А Сана, пятясь как рак, выкатился из уха на волю – встряхнулся, постаравшись вернуть себе прежнее вихре-образное обличье: его заплело в чужой голове зигзагами, точно высокогорную дорогу.

Он так устал, что не заметил, как откинулся – в последний момент сумев все ж таки закатиться под кровать, чтоб никому не попасться под ноги.

Пришел он в себя от шума голосов и хлопанья дверей – над ним тюремной решеткой раскинулась проржавевшая сетка кровати, придавленная периной и провисшая посредине.

Младенец преспокойно спал в своей расписной зыбке. Сана скользнул в прихожую, взлетел – никем не замеченный – на голую, висевшую на длинном шнуре лампочку – и сверху принялся наблюдать за происходящим.

В дверь ввалилась, отдуваясь, бабка девочки Пелагея Ефремовна: пришла-де с базара, в Агрыз ходила, десять километров туда да десять обратно, ну-ка посчитай! А ведь не молоденькая уж, но, слава богу, все яйца продала, пошли нарасхват, ни одного не побила!

Мать младенца, суетясь, помогала бабке снять с плеч котомку, – кликали ее Лилькой. Не успела Пелагея опростать котомку и с толком рассказать про торговлю, как прибыли еще двое: младшая дочь Пелагеи и тетка девочки – Люция с мужем Венкой. Дядя и тетя небрежно, но с тайной гордостью вывалили на длинный стол, застланный клеенкой с выгоревшим рисунком, связки баранок, банки с тунцом и сгущенкой, пачку индийского чая: дескать, в заводской лавке продавали, на «Буммаше», и это еще что – Венке, дескать, со дня на день обещаются квартиру дать! Сана заметил, что и вторая сестра черевоста. Приглядевшись, он увидел и плод: тоже девчонка!
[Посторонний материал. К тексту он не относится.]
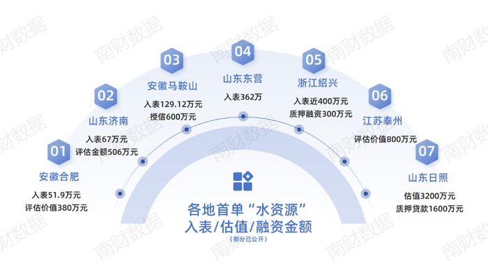 今年以来,多地水务系统宣布完成首单1000倍数据资产的登记和入表工作。南财数据团队对全国范围内的水务数据资产入表及融资案例进行统计和梳理,分析发现至少有十省(市)落地“首单”,入表金额从50万元到400万元不等,估值金额从300万元至3000万元不等,融资金额从500万元到1600万元不等。其中,区县级水务单位对入表更为积极,如安徽庐江县和含山县探索“水资源”变“水资产”,总金额超过180万元。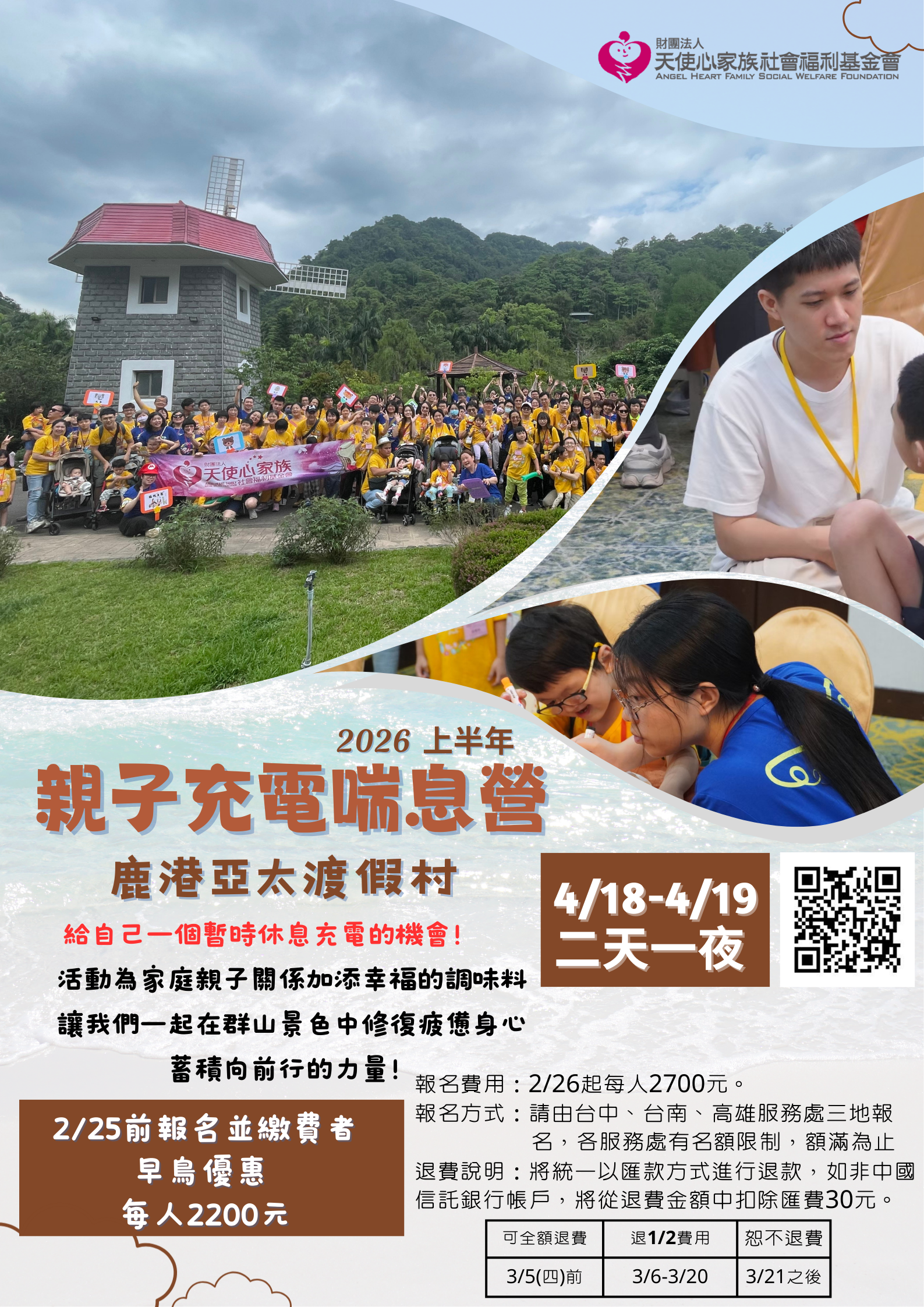*活出健康,讓家不一樣! 天使心家族<親子充電喘息營>開始報名了,歡迎未曾參加過喘息營的愛奇兒家庭報名,本次在<鹿港亞太渡假村>舉辦。

А Лильке было не до гостинцев, не до чужих квартир: не терпелось показать сестре новорожденную. И вот Люция поспешила в спальню-детскую и, склонившись над зыбкой, взвизгивая, принялась дивиться на невиданную и неслыханную красоту младенца: дескать, а чей это у нас такой носишечка, а чьи это у нас такие крошечные пальчики, а чей же это у нас ротанюшка… Сана успел спланировать ей на макушку и теперь хмурился: с каждым восторженным словом из глаз женщины сыпались и, буровя кожу его подопечной, проникали в тело – крохотные создания, похожие на пиявок с оскаленными личиками… Но Пелагея Ефремовна не дремала: она принялась сплевывать и стучать по столу, а после показала младшей дочери смачный кукиш: от чего микробные создания истаяли – и, в конце концов, бесследно растворились в кровотоке младенца.
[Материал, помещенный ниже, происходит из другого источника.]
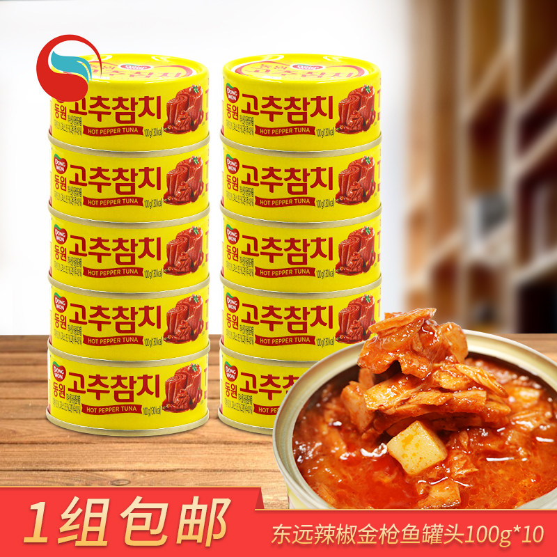 Dongyuan Chili Golden Tuna Connied Corean Imported Food, глотает рыбу, открытая банка, et 100g*10 банок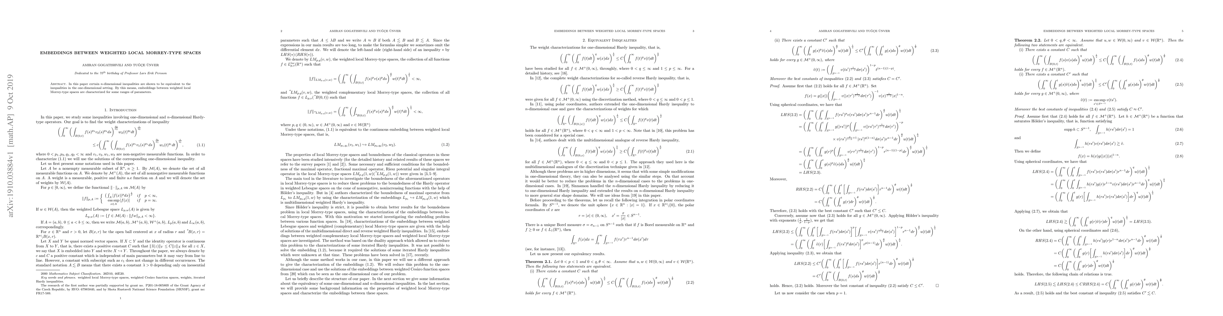 In this paper certain $n$-dimensional inequalities are shown to be equivalent to the inequalities in the one-dimensional setting. By this means, embeddings between weighted local Morrey-type spaces are characterized for some ranges of parameters.

– Чего ты мне кукиши-то кажешь? – возмутилась Люция. Пелагея в ответ многозначительно заявила:

– Перо скрипит, бумага молчит…

– Я не бумага, – оскорбилась младшая дочка. – Это на Венкином заводе машины выпускают, которые бумагу будут делать, а я покамесь не бумага, на мне никто ничего не напишет… И молчать я не собираюсь! Лиль, а зачем ты ребенка в удмуртской зыбке держишь? – обратилась тут Люция к сестре, и, понизив голос, добавила: – Скажут, вотянка рыжая…
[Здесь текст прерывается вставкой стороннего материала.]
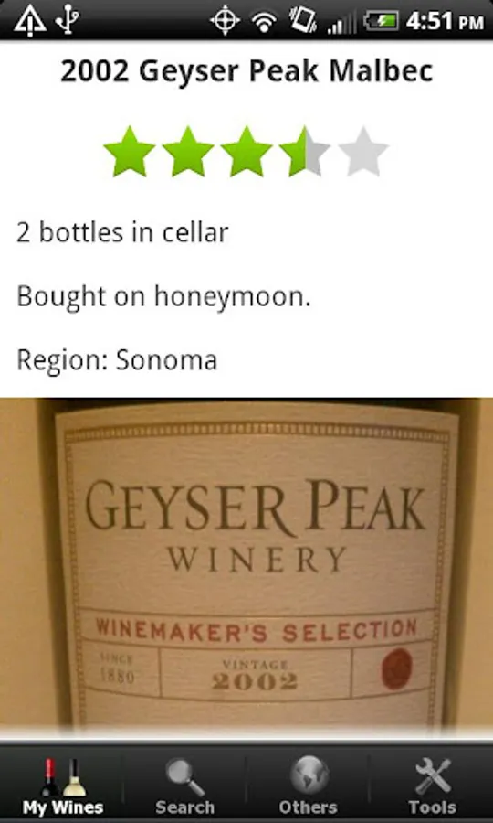 • Use the statistics tracker to monitor your wines with stats like Total Number of Wines Tracked, Average Rating, Most Number of Bottles in Cellar, Number of Wines Tracked by Varietal, Total Value of Wine Cellar, Bottles to be Drunk By Year.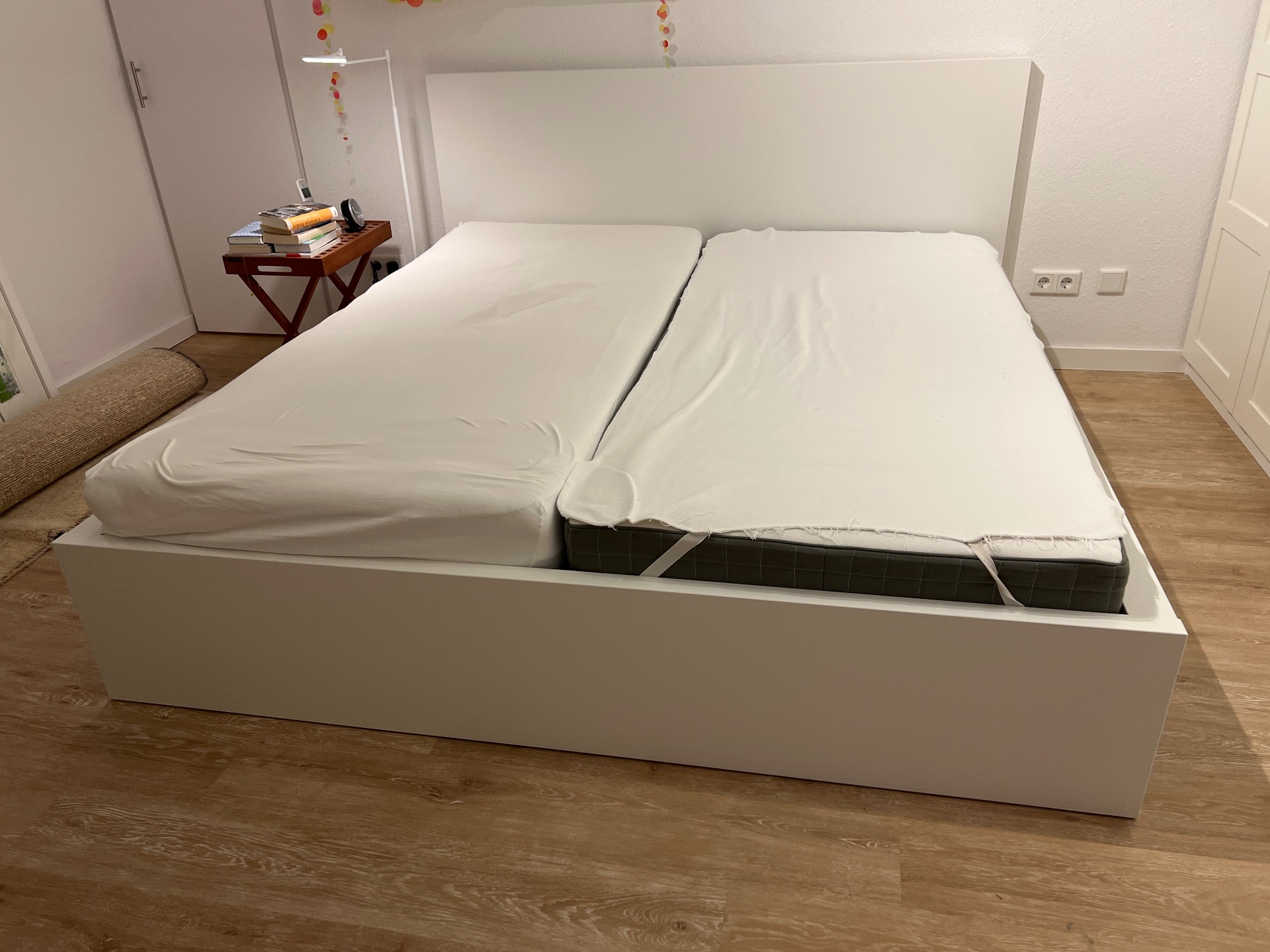 Zu verschenken ist ein weißes Doppelbett (Malm von Ikea) mit Kopfteil , 2 Bettschubladen, Lattenrost und zwei Matratzen. Das Bett ist 2 Jahre alt und in einem sehr guten Zustand. Es muss abgebaut werden und ist an Selbstabholer zum Eigennutz abzugeben.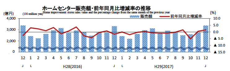 経済産業省発表の「商業動態統計速報」によると、12月のホームセンター販売額は3371億円で、前年同月比1.6%の増加だった。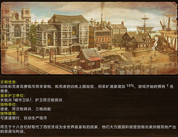 现实生活中的荷兰是一个极为看重商业的民族,而在游戏里金钱就是整个民族的核心和特色。荷兰独有制造钱币的银行(世界上第一个发明现代银行制度的就是荷兰这个国家)前中期约等于4农采金效率,4银行就相当于16个农民;在中期可以为荷兰带来极大的经济优势,殖民时代作战经济不差、可训练散兵使其在殖民时代作战中拥有操作性的明显优势,堡垒时代可生产1人口的手枪骑兵和拥有优势升级的长戟兵;后期在别国是很缺钱的时代而在荷兰却拥最多有10个银行(相当于40个农民)来支撑,不缺钱。但后期50农民的上限严重制约了经济平衡,好在可以通过渔船和贸易站加以补充。荷兰的步兵实力不强,长戟兵可以加速,但是加速后会对步兵战斗产生影响。
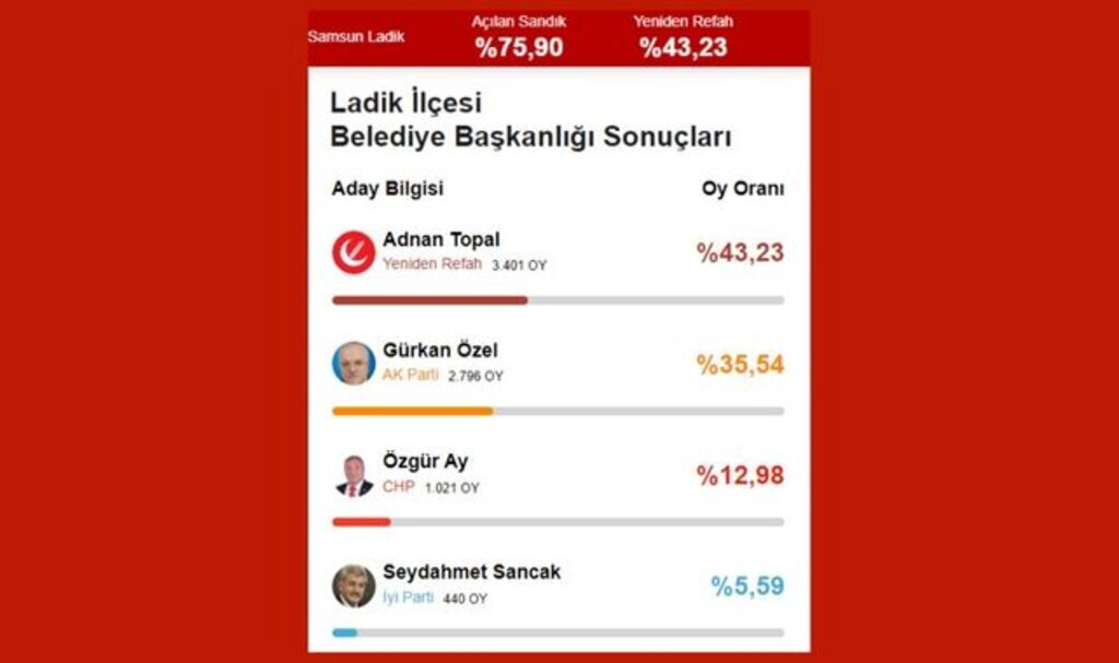 Samsun'da 31 Mart Pazar günü Ladik Belediyesi Başkanını belirlemek için seçim yapıldı. Ladik Belediyesi 31 Mart yerel seçim sonuçları açılan sandık yüzdelerine göre değişiklik göstermekte olup anlık seçim güncellemesi yapılacaktır.Ladik Belediyesi Seçim Sonuçları:

– С какого боку вотянка-то?! – изумилась мать младенца. – Андрей – русский, я – тоже. И не рыжая она вовсе, темненькая, вот смотри…

– Мало ли… Найдут, с какого… А волосики у девочки всё ж таки не черные – а каштановые. Эх, деревня вы, деревня! Не могли в Город за детской кроваткой съездить?!

– Да некогда было… – стала оправдываться Лилька. – Да еще найди-пойди в твоем Городе кроватку-то, не на каждом ведь углу их продают! И как ее тащить из Города? Лошадь надо просить в Леспромхозе: дадут – не дадут… А тут Маштаковы за так отдали зыбку. А что: красиво и удобно!..

Сана был совершенно с ней согласен; и еще: в древнем ромбическом узоре покрова зыбки ясно читалось, что зыбочник, в ней прописанный, будет крепко спать, весел будет и здоров.